START Information supplied

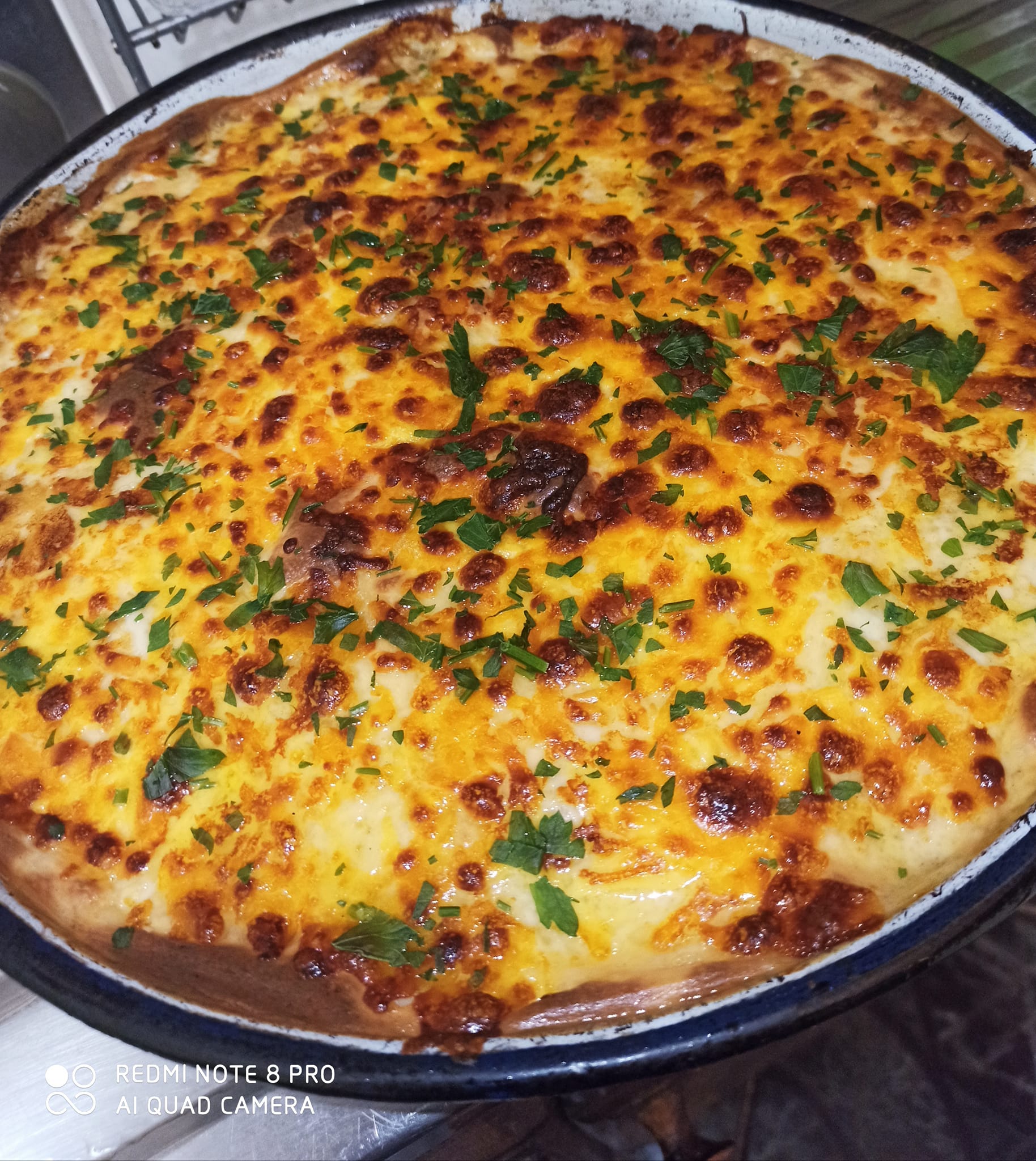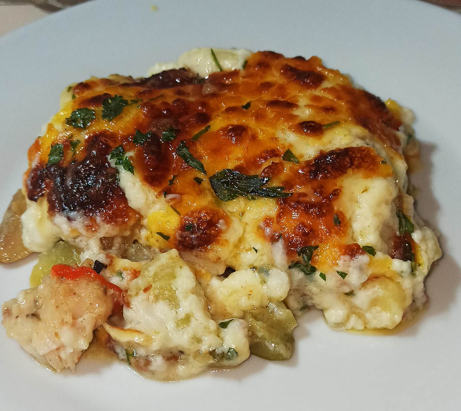 Ρίχνουμε το μείγμα της κρέμας πάνω από τα υπολοιπα και πασπαλίζουμε με τα πράσινα αρωματικα.
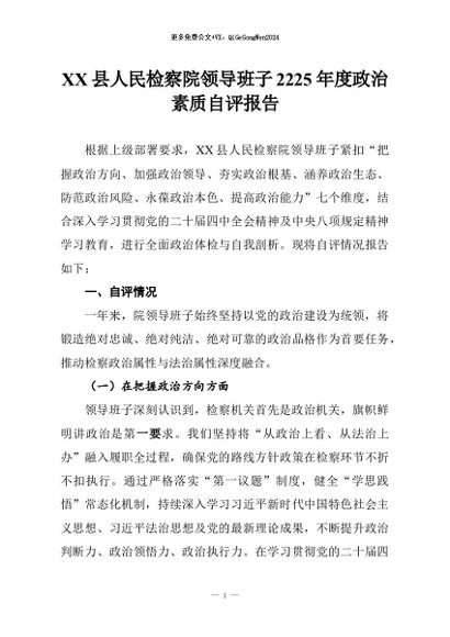 【七哥公文】2026年:XX县人民检察院领导班子2225年度政治素质自评报告+更多免费公文+VX:QiGeGongWen2024
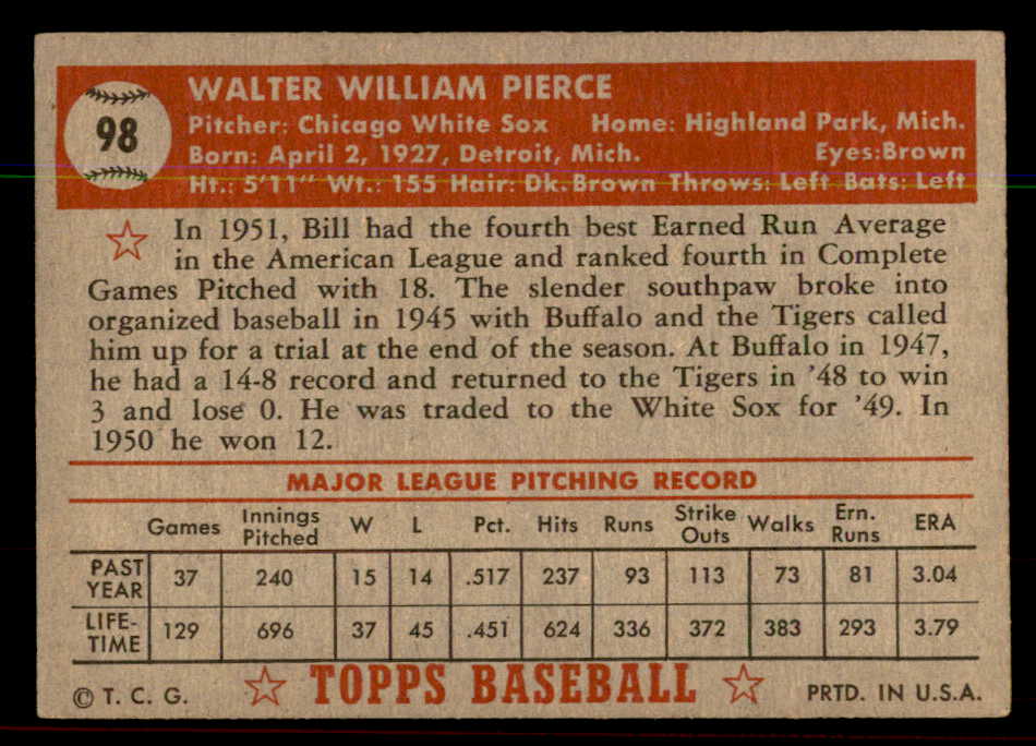 1952 Topps Baseball #098 Billy Pierce White Sox EX-MT 544173

END Information supplied

Exercise: Each line of the data must be transcribed exactly; pictures are not carried over.

Response for this exercise:
 Ρίχνουμε το μείγμα της κρέμας πάνω από τα υπολοιπα και πασπαλίζουμε με τα πράσινα αρωματικα.
 【七哥公文】2026年:XX县人民检察院领导班子2225年度政治素质自评报告+更多免费公文+VX:QiGeGongWen2024
 1952 Topps Baseball #098 Billy Pierce White Sox EX-MT 544173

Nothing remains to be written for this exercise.